The Setup: Configuration Made Easy
First, let's understand Ballerina's provider pattern:
import ballerina/ai;
import ballerina/io;
// The VectorStore holds your embeddings
final ai:VectorStore vectorStore = check new ai:InMemoryVectorStore();
// EmbeddingProvider converts text to vectors
// Uses your configured provider (OpenAI, Cohere, etc.) via Ballerina VS Code command
final ai:EmbeddingProvider embeddingProvider =
check ai:getDefaultEmbeddingProvider();
// KnowledgeBase combines storage + embeddings
final ai:KnowledgeBase knowledgeBase =
new ai:VectorKnowledgeBase(vectorStore, embeddingProvider);
// ModelProvider handles LLM chat completions
final ai:ModelProvider modelProvider = check ai:getDefaultModelProvider();
What's happening here?
Ballerina uses a configuration-based approach. Instead of hardcoding API keys and model names, you configure providers through Ballerina's VS Code extension or configuration files. This means:
- No secrets in code
- Easy switching between providers (OpenAI, Azure, local models)
- Environment-specific configurations
- Type-safe provider interfaces
Note: This example uses the default embedding provider and model provider implementations. To generate the necessary configuration, open up the VS Code command palette (Ctrl + Shift + P or command + shift + P), and run the Configure default WSO2 Model Provider command to add your configuration to the Config.toml file.
Step 1: Document Ingestion - Simpler Than You Think
The hardest part of building a RAG system is usually getting data in. Ballerina's DataLoader abstractions make this trivial:
public function ingestEmployeeHandbook() returns error? {
// Load a single document
ai:DataLoader policyLoader = check new ai:TextDataLoader("./leave_policy.md");
ai:Document|ai:Document[] policyDocs = check policyLoader.load();
check knowledgeBase.ingest(policyDocs);
io:println("✅ Leave policy ingested");
// Load multiple documents from a directory
ai:DataLoader benefitsLoader = check new ai:TextDataLoader("./benefits/");
ai:Document|ai:Document[] benefitsDocs = check benefitsLoader.load();
check knowledgeBase.ingest(benefitsDocs);
io:println("✅ Benefits documentation ingested");
// You can also load PDFs, Word docs, etc.

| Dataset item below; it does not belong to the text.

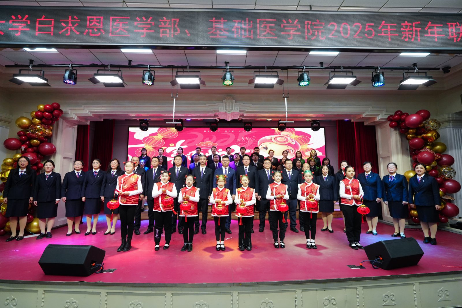 联合在基础楼二楼报告厅举办2025年新春联欢会,学部及学院现任、历任领导班子成员、部分退休老领导、学院合作单位负责人,师生代表共计二百余人欢聚一堂,共迎新春,欢庆佳节。

ai:DataLoader handbookLoader = check new ai:PDFDataLoader("./handbook.pdf");
ai:Document|ai:Document[] handbookDocs = check handbookLoader.load();
check knowledgeBase.ingest(handbookDocs);
io:println("✅ Employee handbook ingested");
}
The Magic Behind the Scenes:
When you call knowledgeBase.ingest(), Ballerina automatically:
- Chunks your documents using intelligent text splitting (respects sentence boundaries, maintains context)

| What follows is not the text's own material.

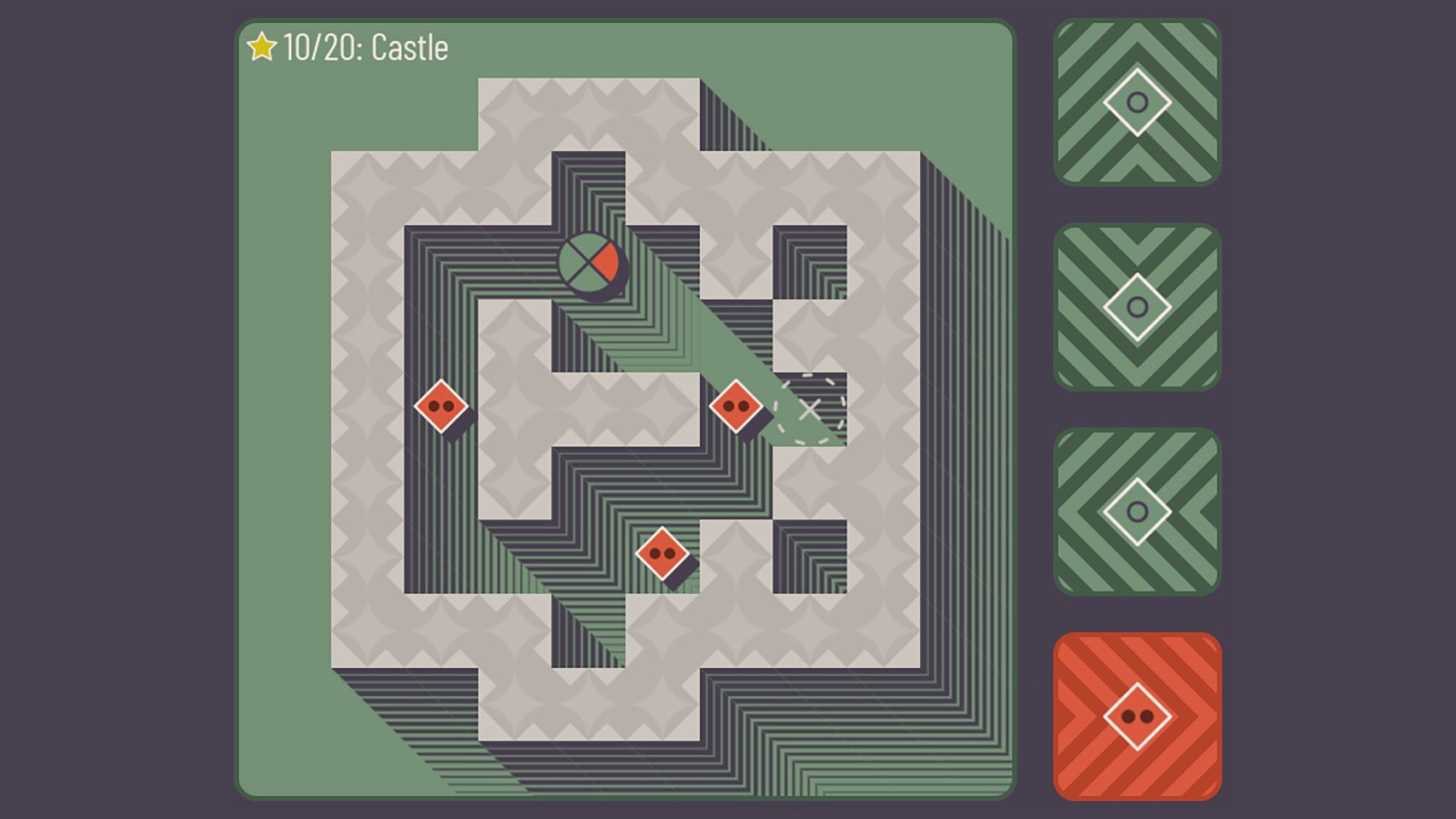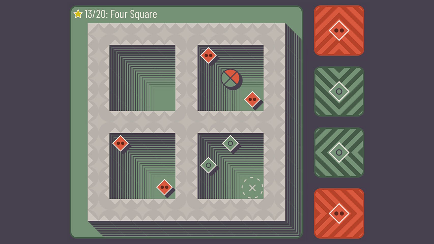 You’ll start out with a blank circle which can move up, down, left and right. The circle has four empty sections which correlate to each direction. The grid also contains several diamond pieces, which can be slotted in the circle for either one of the directions. When a piece is slotted, it alters the number of spaces you move on every input for the corresponding direction. For instance, you may end up navigating the level with a 2-space jump every time you want to go right.

- Generates embeddings for each chunk using your configured embedding provider
- Stores vectors with metadata in the vector store
- Handles errors gracefully with proper propagation
No manual chunking. No explicit embedding calls. Just load and ingest.
Step 2: The Query Pipeline - Where RAG Shines
Now comes the fun part: answering questions with context from your documents.

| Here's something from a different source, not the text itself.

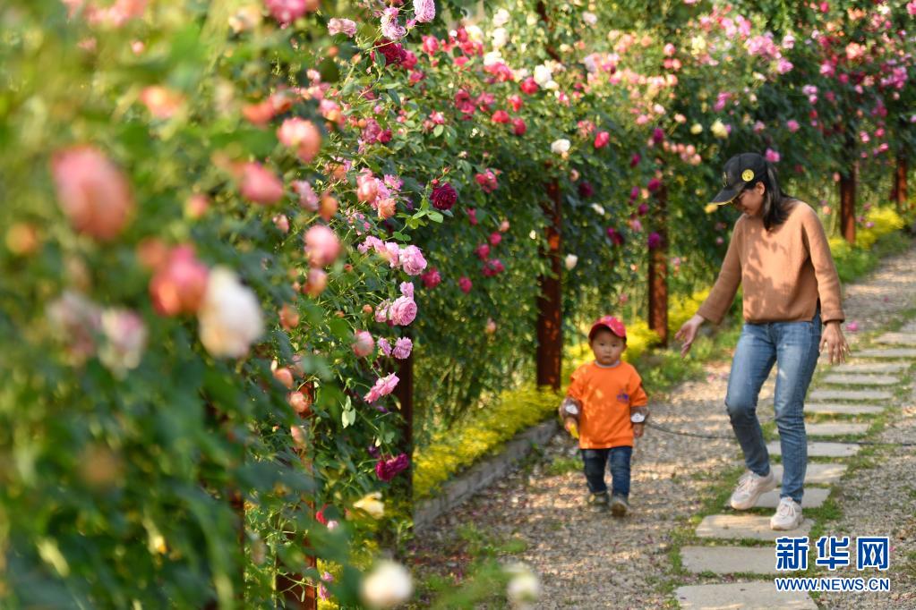 5月2日,游客在浙江湖州吳興區(qū)埭溪鎮(zhèn)莫家柵村四季玫瑰莊園內(nèi)游玩。新華社記者 黃宗治 攝

type RAGResponse record {|
string answer;
Source[] sources;
float averageRelevance;
|};
type Source record {|
string content;
float relevance;
|};
function answerQuestion(string query, int topK = 5) returns RAGResponse|error {
io:println("\n🔍 Query: ", query);
// Step 1: Retrieve relevant chunks from knowledge base
ai:QueryMatch[] queryMatches = check knowledgeBase.retrieve(query, topK);
// Step 2: Extract chunks for context
ai:Chunk[] context = from ai:QueryMatch queryMatch in queryMatches
select queryMatch.chunk;
// Step 3: Augment user query with retrieved context
ai:ChatUserMessage augmentedQuery = ai:augmentUserQuery(context, query);
// Step 4: Get answer from LLM
ai:ChatAssistantMessage assistantMessage =
check modelProvider->chat(augmentedQuery);
// Step 5: Calculate average relevance for confidence scoring
float totalRelevance = 0.0;
foreach ai:QueryMatch match in queryMatches {
totalRelevance += match.score;
}
float avgRelevance = queryMatches.length() > 0 ?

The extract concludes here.